A Mediterranean diet rich in minimally processed plant foods has been linked to a lower risk of
acquiring several chronic diseases and a longer lifespan. A positive benefit on the primary and
secondary prevention of cardiovascular disease, type 2 diabetes, atrial fibrillation, and breast cancer
has been proven by data from multiple randomized clinic trials. The exact mechanism through which
a higher level of adherence to the traditional Mediterranean diet has beneficial effects is unknown
(Widmer et al., 2015).

The Mediterranean dietary pattern causes the following five adaptations:

 lipid-lowering effect
 protection against oxidative stress, inflammation, and platelet aggregation
 modification of hormones and growth factors involved in cancer pathogenesis
 inhibition of nutrient sensing pathways by specific amino acid restriction
 gut microbiota-mediated production of metabolites influencing metabolic health.

(Widmer et al., 2015)

When compared to low-fat diets, the Mediterranean diet appears to have positive benefits on
metabolic syndrome and diabetes, especially when enhanced with nuts or olive oil (Widmer et al.,
2015).

In primary prevention, the Mediterranean diet lowered the risk of metabolic syndrome and
protected against risk variables like waist circumference, lipids, glucose, and blood pressure.
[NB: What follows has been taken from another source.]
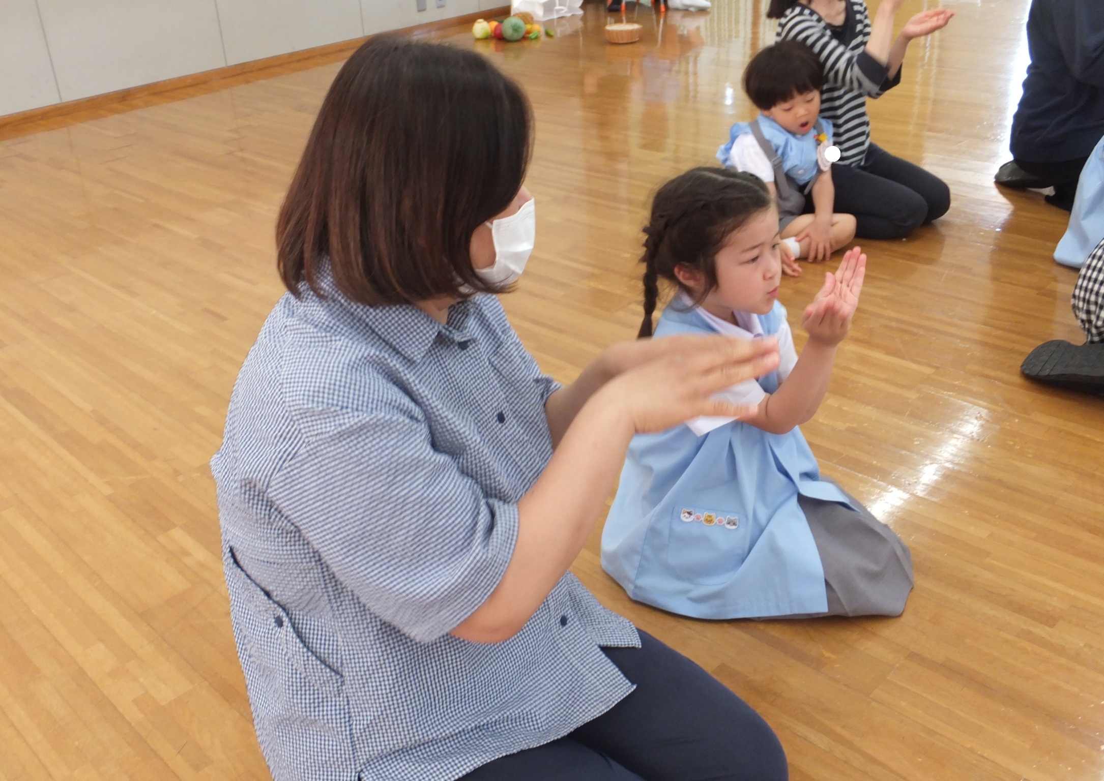 最後は一緒に、覚えた手あそびをやってみました。

Another
meta-analysis of 2650 participants found that the Mediterranean diet reduced cardiovascular
disease risk factors and inflammatory markers more effectively than other diets (Widmer et al.,
2015).

It has also been proven that the Mediterranean Diet also causes the following physiological changes
in the body:

 Reduced blood pressure


 Improved vascular function
 Reduced ROS
 Enhanced NO utilization
 Improved vascular function
 Improved reactive hyperemia indices
 Improved platelet function
 Enhanced NO availability
 Weight reduction
 Reduces Lipid profiles
 Improves exercise capacity
 Reduced oxidative stress
 Reduces LDL-oxidation
 Reduced LDL-C
 Increases HDl-C

(Widmer et al., 2015)

In fact, in terms of reducing the risk of cardiovascular disease morbidity, mortality, and events, the
Mediterranean diet is comparable to other therapies such as aspirin, statins, physical exercise, and
even antihypertensives such as ace-inhibitors or beta-blockers (Tosti, Bertozzi and Fontana, 2018).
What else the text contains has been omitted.